Maybe my Bayesian stats are rusty, but wouldn't you need to clarify what "accurate" means to get a correct answer here? i.e. tell us if, by accurate, you mean sensitivity or specificity.
EDIT: Oh, never mind. Just noticed you specifically say 99% for the presence. :)
Totally not a statistician, but I'll give it a shot.
For the sake of the argument:
test accuracy: exactly 99.0% accurate
disease incidence: exactly 1 in 1 million
Calculation:
For the sake of simple calculations, let's assume we test exactly 1 million people.
tests positive = (1 * 0.99) + (999999 * 0.01)
tests positive = (.99) + (9999.99)
tests positive = 10000.98
We'll round up for the sake of argument to 10,001 positive results. And we know that only 1 person (remember that we're testing 1 million people) is actually sick. We have 1 actual sick in 10 thousand positives tests. So the probability that the positive test that is right in front of you is actually a truly sick person are 1 in 10 thousand.
Beware, you are making a strong assumption: that the test's accuracy is the same regarding false negatives and false positives. For example, a test may not find enough "anomaly" in an ill person to trigger the positive, thus yielding a false negative; at the same time, it may as well never find any "anomaly" in a sane person, and as a consequence never give any false positive.
Back to your example, it's obvious that a test with a 0.01 probability to give a false positive is completely useless for an illness that affects 1e-6 of people.
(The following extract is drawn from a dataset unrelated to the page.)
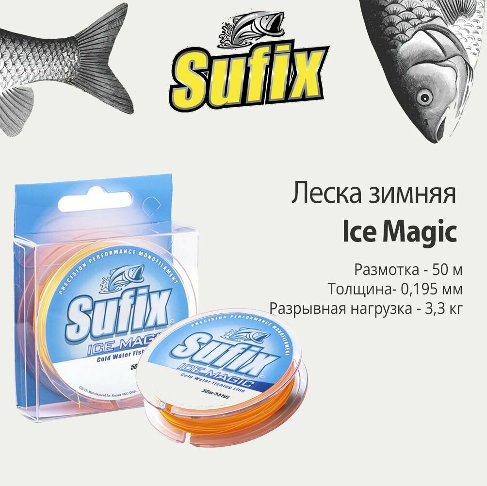 Леска монофильная зимняя SUFIX Ice Magic прозрачная (блистер) 50м 0,195мм 3,3кг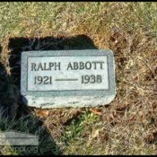- Photo image of the headstone of Ralph Abbott in Confidence Cemetery located in Brown County.

Actual descriptions of medical tests routinely give both rates. They often call them "sensitivity" and "specificity". Good luck remembering which is which.
But if only one rate is given, that indicates they're equal. If they're not, then it's reasonable to describe the documentation as incorrect.
Consider a population of 100M people, of which 100 would have the illness. Of them, 99% = 99 would test positive and 1% = 1 would test negative. For the other 99,999,900 healthy people, 99% = 98,999,901 would test negative and 1% = 999,999 would test positive.
In total, 99 + 999,999 people would test positive. Given that a person tests positive, then, there is only a 99 / (99 + 999,999) ~= 0.01% chance that person has the illness.
For sure, this assumes that false positive rate = false negative rate = 1%, but it suffices to illustrate how a highly accurate test can produce misleading results.
A solution would be repeated retesting, as the 1st, 2nd, 3rd, and 4th consecutive positive test results would lead to 0.01%, 1%, 50%, and 99% chances. (Each additional positive test reduces the false positives by 100-fold, whereas the ill patients are very likely to get continually positive results.)
The other example is this old error, which is attributed to doctors (for some reason): You have a test which is 99 % accurate (will show the correct status) for presence of some illness. 1/1M people have the actual illness. You find someone with a positive score. What's the chance they have it? Well actually not as high as you think.